Both firms had faced pressure to cut financial links with the junta that toppled Aung San Suu Kyi's government last year and has since killed more than 1,400 people in a crackdown on dissent, according to a monitoring group.

The French firm and US oil major Chevron will withdraw from the Yadana gas field in the Andaman Sea, which provides electricity to the local Burmese and Thai population.

Myanmar's gas industry -- which Human Rights Watch says generates $1 billion a year -- has so far evaded swingeing sanctions imposed by the United States and EU on lucrative military-owned timber and jade enterprises.

Friday's "announcement is certainly significant," Manny Maung, Myanmar researcher at Human Rights Watch told AFP.

"But there is a lot more pressure needed to defeat this junta for good.

"Governments no longer have an excuse to delay imposing targeted sanctions on oil and gas entities... to prevent any other unscrupulous entities from entering the market."

TotalEnergies and Chevron's departure will deprive the junta of hundreds of millions of dollars a year in foreign revenue as the economy it presides over tanks from months of unrest and a mass walkout.

TotalEnergies alone paid around $176 million to Myanmar authorities in 2020 in the form of taxes and "production rights", according to the company's own financial statements.

Naw Susanna Hla Hla Soe, a minister in a shadow government dominated by lawmakers from Suu Kyi's party which is working to topple the military said the news sent a "very strong message" to the junta.

"Other companies must follow Total's example to put even more pressure on the generals," she added.

- 'No confidence' -

If the French and American titans were willing -- belatedly -- to bow to rights groups and activist pressure, there are others with fewer qualms about making money in junta-run Myanmar.

"It will be harder to force the hand of Asian investors because their human rights commitments and the stakeholder pressures on them are lower," Dr Htwe Htwe Thein at Curtin University in Australia, told AFP.

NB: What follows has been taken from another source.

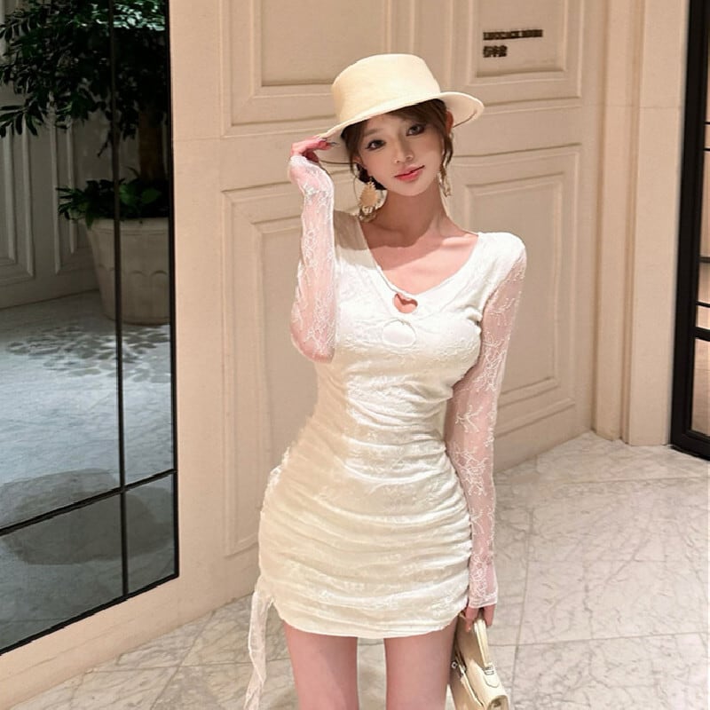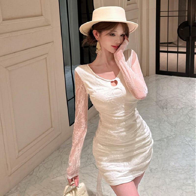 ワンピース レース シルエット リボン ミニ丈 ライトベージュ S M L

Others say it is possible the junta will profit short-term from any change in ownership.

The withdrawal of TotalEnergies is "a big vote of no confidence in the regime", International Crisis Group's Myanmar senior advisor Richard Horsey told AFP.

But the junta would likely be able to "sell the departing operators' stakes", he added -- which would inject much needed hard currency into the state coffers.

The military would also be able to "attract and negotiate favourable terms and signature payments from operators in jurisdictions beyond the scope of Western sanctions".

TotalEnergies will not exit immediately -- it said in a statement it will continue to operate the site for the next six months at the latest until its contractual period ends.

"As things stand... Means likely cash windfall for the regime unless ways are found to prevent that, which must be priority," Horsey said on Twitter.

And the generals' economic portfolio stretches far beyond gas, and includes interests in mines, banks, agriculture and tourism, providing the military with a colossal -- and closely guarded -- fortune.

The jade industry alone -- dominated by military-owned business -- provides the military with billions of dollars a year in off-the-books revenue, analysts say.

There also remains the question of how easy TotalEnergies and Chevron will find it to exit junta-ruled Myanmar, said Htwe Htwe Thein, citing Norway's Telenor, which announced it was withdrawing in July, but whose exit has been held up by the military.

"Total may suffer the same fate," she said.